GSA Annual Meeting in Seattle, Washington, USA - 2017

Paper No. 20-6
Presentation Time: 9:25 AM

DIAMOND FORMATION DURING PARTIAL MELTING IN THE EARTH’S MANTLE


LUTH, Robert, Earth and Atmospheric Sciences, University of Alberta, Edmonton, AB T6G 2E3, Canada, robert.luth@ualberta.ca

The C-H-O system is the simplest model for fluids in the Earth’s mantle that can represent both oxidized and reduced fluids coexisting with elemental carbon. At conditions within the diamond stability field, the compositions of fluids coexisting with diamond define the diamond saturation curve in this ternary system. Bulk compositions more C-rich than this curve are two-phase assemblages of diamond + fluid; those less C-rich than the saturation curve are single-phase fluids. The water-maximum fluid at H:O ~ 2 marks the transition between oxidized (dominantly H2O+CO2) and reduced (dominantly H2O+CH4) fluids.

Removal of H2O from a C-saturated C-H-O fluid, either by precipitation of hydrous minerals or by dissolution in a melt during partial melting, shifts the residual fluid composition into the two-phase diamond + fluid field. Precipitation of diamond is then necessary – and inevitable – to bring the fluid composition back to the diamond saturation curve.
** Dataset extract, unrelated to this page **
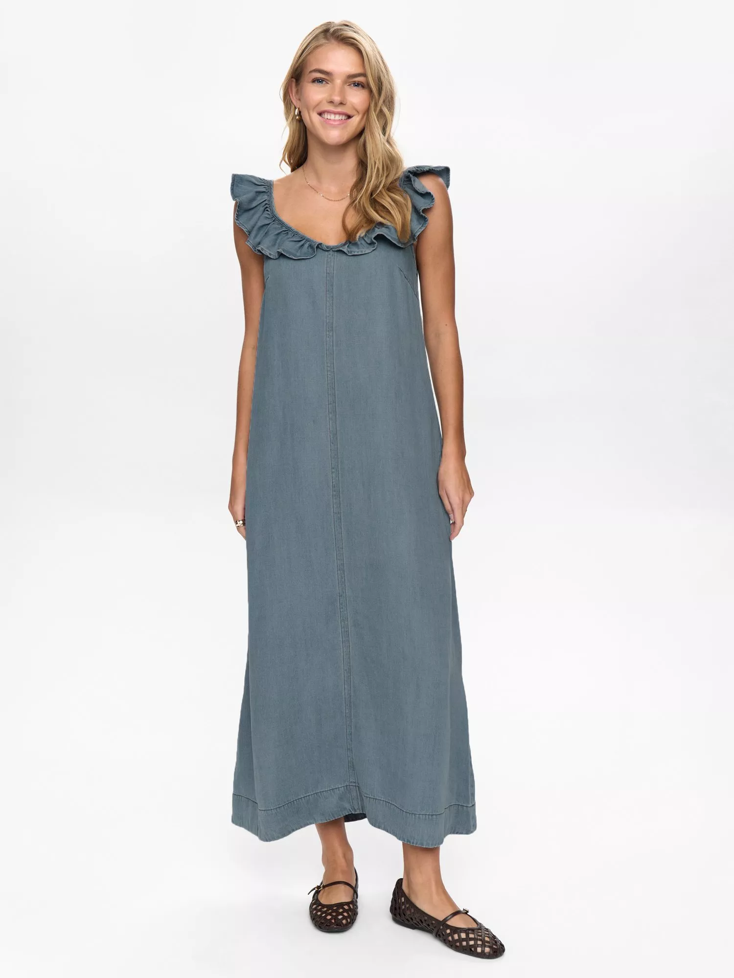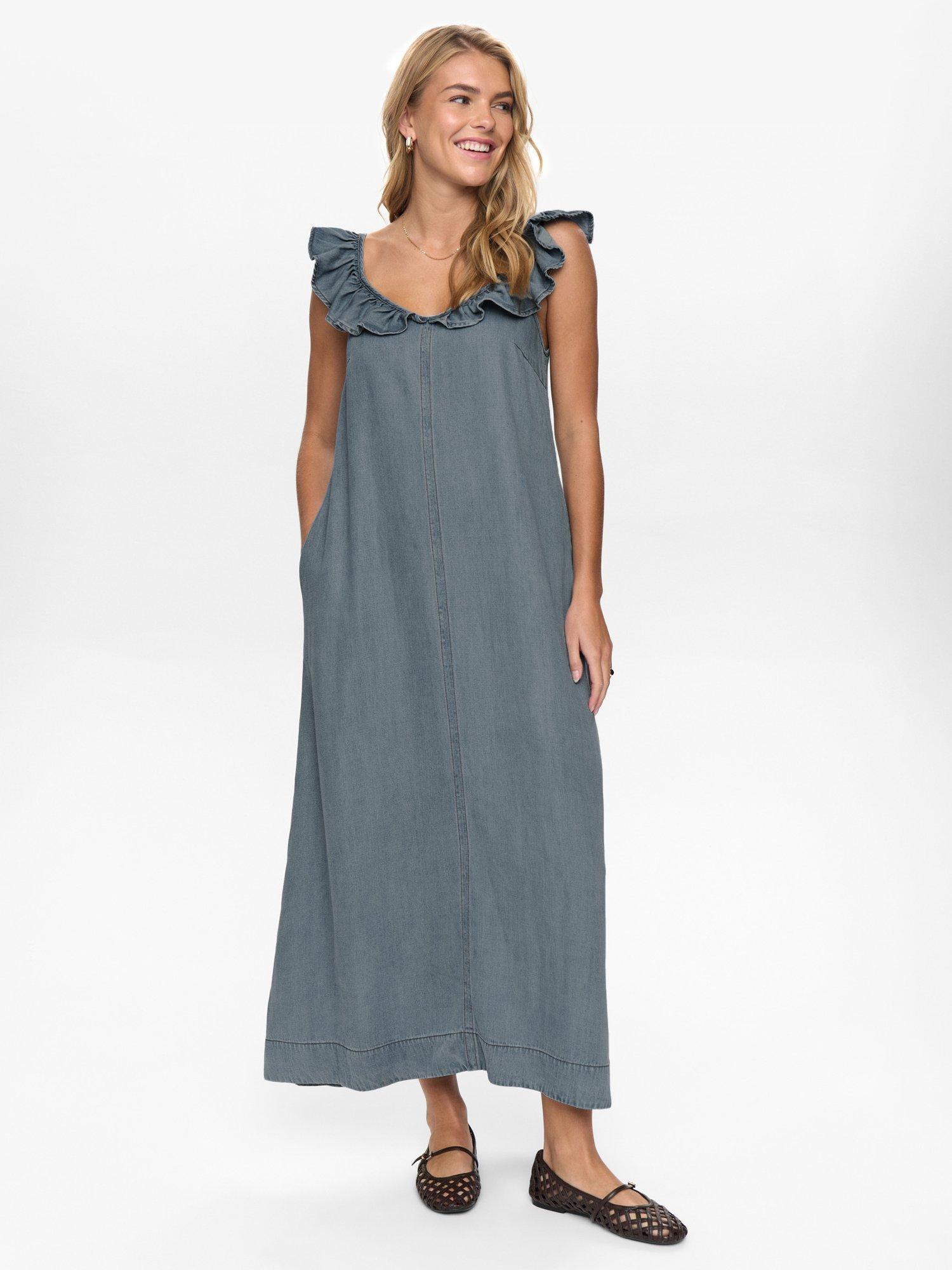 Proof a sheath silhouette is as timeless as ever. This sleeveless midi dress from Numph features a scoop and is finished with ruffles.

To focus on the partial melting mechanism, how much diamond forms during such melting will depend on the lithology being melted and the composition of the fluid; a water-maximum fluid will have the greatest effect on lowering the solidus temperature for any lithology. Hydrous melting of harzburgitic mantle will not occur along expected geotherms in the subcontinental lithospheric mantle (Stachel and Luth, Lithos 200-220 2015), so a water-maximum fluid would be stable in harzburgitic mantle. But if that fluid infiltrates either a lherzolitic and eclogitic lithology, it would trigger melting and accompanying formation of diamond in the residue. The amount of diamond formed will depend on the C content of the hydrous fluid, the degree of melting, and the solubility of H2O in the melt formed. For example, at the hydrous lherzolite solidus at 5 GPa, 20% melting could produce ~640-1200 ppm diamond in the residue for H2O solubilities of 15-25 wt.%.
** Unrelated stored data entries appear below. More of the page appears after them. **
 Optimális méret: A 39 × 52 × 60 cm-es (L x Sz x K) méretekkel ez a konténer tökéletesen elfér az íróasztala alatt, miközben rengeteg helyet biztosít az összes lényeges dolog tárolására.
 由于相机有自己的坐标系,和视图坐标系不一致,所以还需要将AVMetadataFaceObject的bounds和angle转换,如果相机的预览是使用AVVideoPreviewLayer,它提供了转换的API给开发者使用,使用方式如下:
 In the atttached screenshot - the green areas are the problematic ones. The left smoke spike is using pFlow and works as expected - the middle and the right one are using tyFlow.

Formation of diamond is an inevitable consequence of melting in the diamond stability field in the mantle in the presence of a hydrous, C-bearing fluid. Such a fluid could be derived from dehydration of a subducting lithospheric slab, or be a metasomatic fluid infiltrating the subcratonic lithosphere from greater depths. This mechanism could also play a role in the formation of sublithospheric diamonds.